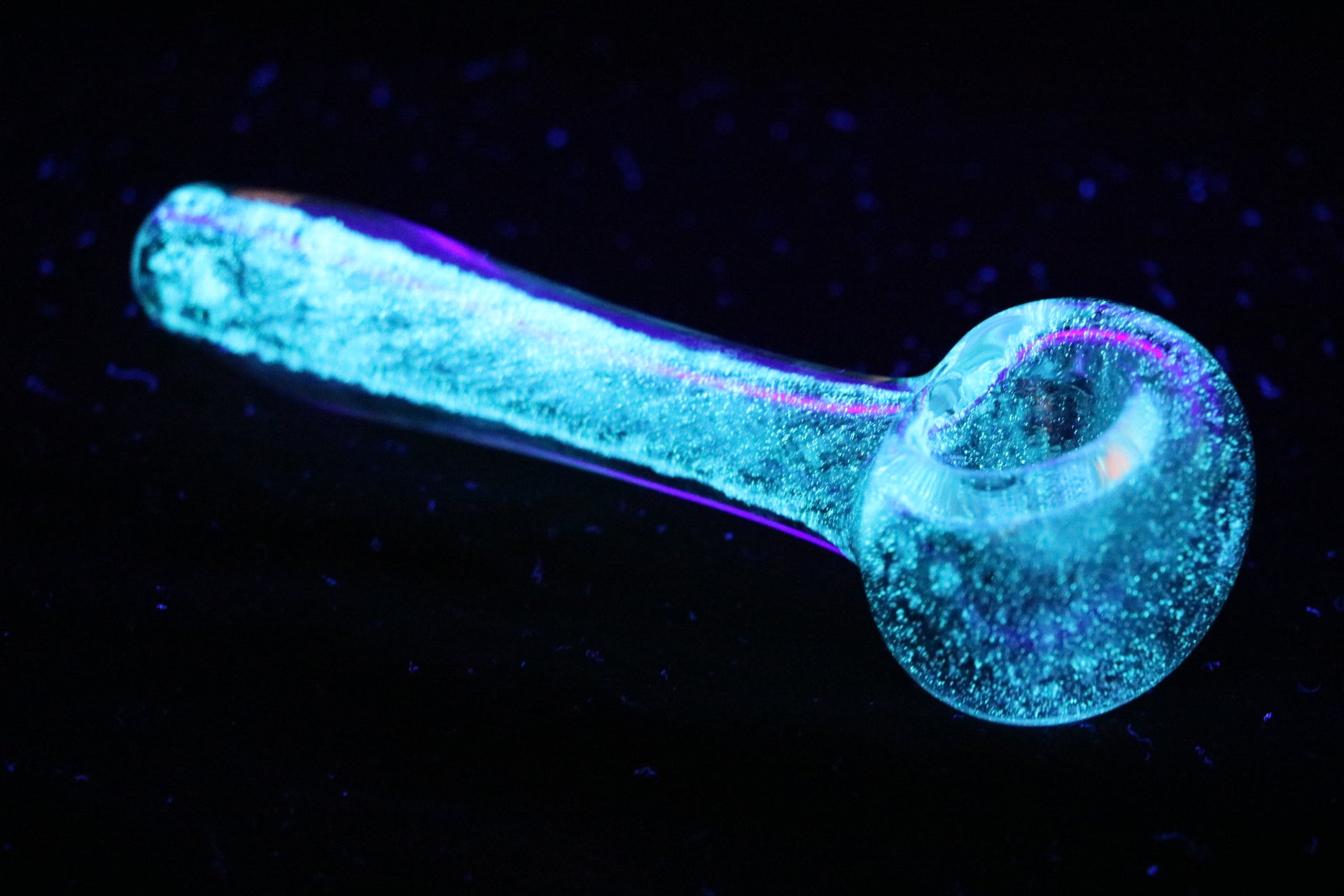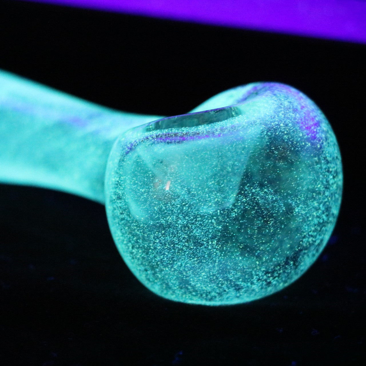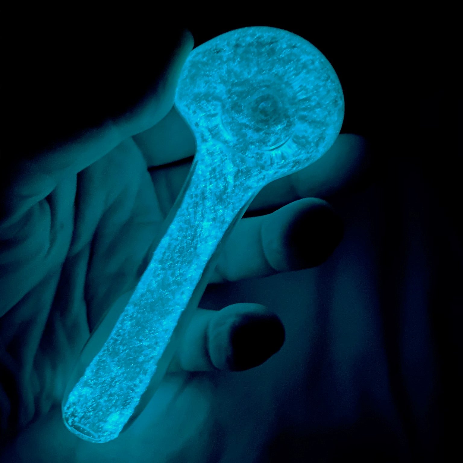 Large glow‑in‑the‑dark frost pipe. BoroGlow™ glass. Varies 4–5 inches.
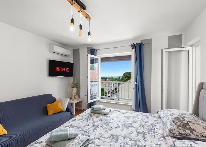 Questo alloggio sul lungomare garantisce il vostro comfort mettendo a disposizione una cucina completamente attrezzata con un bollitore elettrico, un frigo e utensili da cucina. La fermata dell'autobus più vicina Hotel Mediteran si trova a soli 10 minuti a piedi. Gli ospiti possono arricchire il loro soggiorno con attività come mini golf.
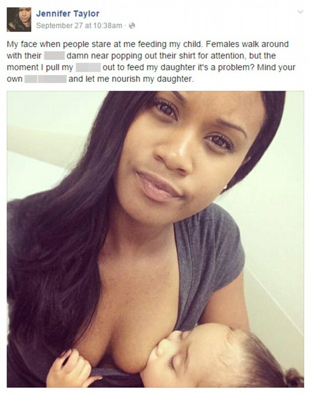 „Takto sa tvárim, keď ľudia na mňa „čumia" počas dojčenia dcéry. Keď ženy vzbudzujú pozornosť vyzývavými outfitmi, to je v poriadku, no keď kŕmim dcéru, to už je problém? Zamyslite sa nad sebou a nechajte ma nakŕmiť dieťa," napísala Jennifer na Facebook.
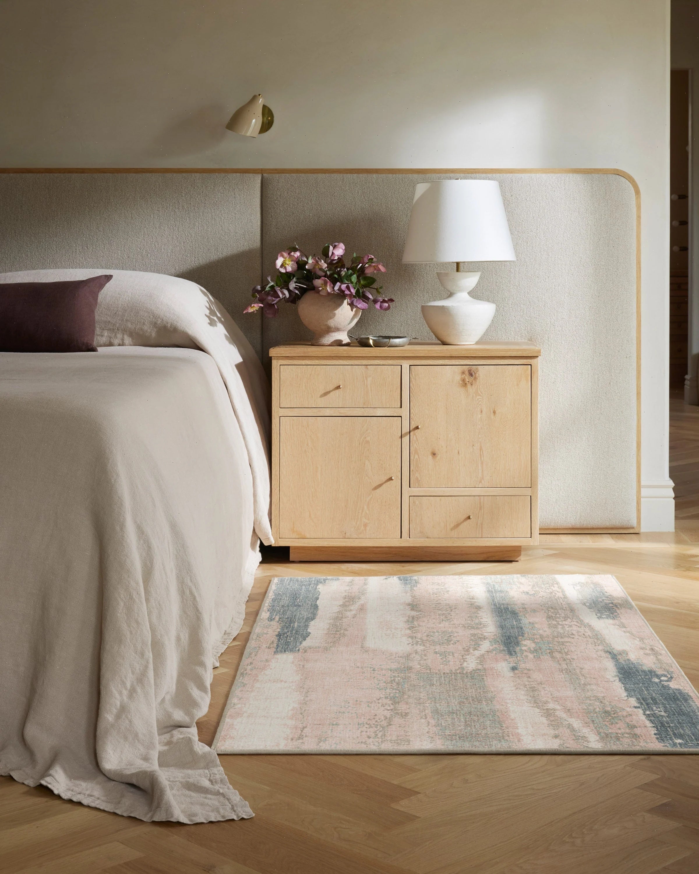 Sometimes, you're touched by a stroke of genius. The Velin Soft Mauve Rug brings that feeling to life through fluid, paint-like gestures that sweep across the surface. Broken, overlapping lines create a soft sense of vertical movement, subtly forming an understated top and bottom border. A palette of soft pinks, blue-grey, warm grey, and soft neutrals provides serene, lived-in elegance. Water-resistant, stain-resistant, and fully machine-washable. Colors may vary by device and lighting.
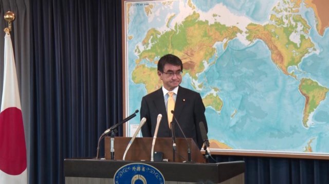 이에 대해 고노 외상은 4일 일본 외무성에서 가진 정례 기자회견에서 “특별히 할 말이 없다”면서도 “일본으로서는 한국이 (강제징용에 대한 한국 대법원의 판결 등) 국제법 위반을 하루 빨리 시정했으면 좋겠다고 말하고 싶다”고 밝혔다. 고노 외상은 10월 30일 신일철주금(신일본제철), 지난 달 29일 미쓰비시중공업 등 일본 전범 기업의 강제징용에 대한 한국 대법원의 판결과 관련해 “한국이 국제법 위반 상태의 시정을 포함한 적절한 조처를 할 것을 강하게 요구 한다. 적절한 조처를 하지 않으면 국제 재판 등을 포함한 여러 조처를 강구하겠다”고 엄포를 놓은 상태다.
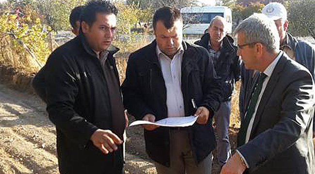 Başkan Şevkan, Fen İşleri Müdürü Memiş Canbaz ve teknik personelinden
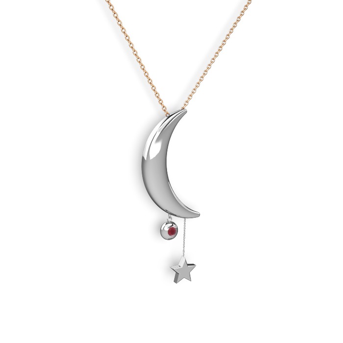 Kök yakut 14 ayar beyaz altın kolye (40 cm gümüş rolo zincir)
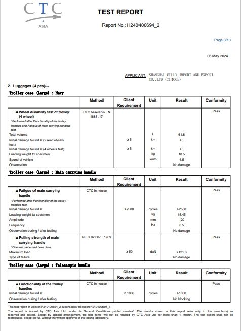 6. our luggage meet REACH standard, and we also have got GS,BSCI certificate.

----

Exercise description: Set down all records verbatim, omitting images.

Exercise answer:
 Large glow‑in‑the‑dark frost pipe. BoroGlow™ glass. Varies 4–5 inches.
 Questo alloggio sul lungomare garantisce il vostro comfort mettendo a disposizione una cucina completamente attrezzata con un bollitore elettrico, un frigo e utensili da cucina. La fermata dell'autobus più vicina Hotel Mediteran si trova a soli 10 minuti a piedi. Gli ospiti possono arricchire il loro soggiorno con attività come mini golf.
 „Takto sa tvárim, keď ľudia na mňa „čumia" počas dojčenia dcéry. Keď ženy vzbudzujú pozornosť vyzývavými outfitmi, to je v poriadku, no keď kŕmim dcéru, to už je problém? Zamyslite sa nad sebou a nechajte ma nakŕmiť dieťa," napísala Jennifer na Facebook.
 Sometimes, you're touched by a stroke of genius. The Velin Soft Mauve Rug brings that feeling to life through fluid, paint-like gestures that sweep across the surface. Broken, overlapping lines create a soft sense of vertical movement, subtly forming an understated top and bottom border. A palette of soft pinks, blue-grey, warm grey, and soft neutrals provides serene, lived-in elegance. Water-resistant, stain-resistant, and fully machine-washable. Colors may vary by device and lighting.
 이에 대해 고노 외상은 4일 일본 외무성에서 가진 정례 기자회견에서 “특별히 할 말이 없다”면서도 “일본으로서는 한국이 (강제징용에 대한 한국 대법원의 판결 등) 국제법 위반을 하루 빨리 시정했으면 좋겠다고 말하고 싶다”고 밝혔다. 고노 외상은 10월 30일 신일철주금(신일본제철), 지난 달 29일 미쓰비시중공업 등 일본 전범 기업의 강제징용에 대한 한국 대법원의 판결과 관련해 “한국이 국제법 위반 상태의 시정을 포함한 적절한 조처를 할 것을 강하게 요구 한다. 적절한 조처를 하지 않으면 국제 재판 등을 포함한 여러 조처를 강구하겠다”고 엄포를 놓은 상태다.
 Başkan Şevkan, Fen İşleri Müdürü Memiş Canbaz ve teknik personelinden
 Kök yakut 14 ayar beyaz altın kolye (40 cm gümüş rolo zincir)
 6. our luggage meet REACH standard, and we also have got GS,BSCI certificate.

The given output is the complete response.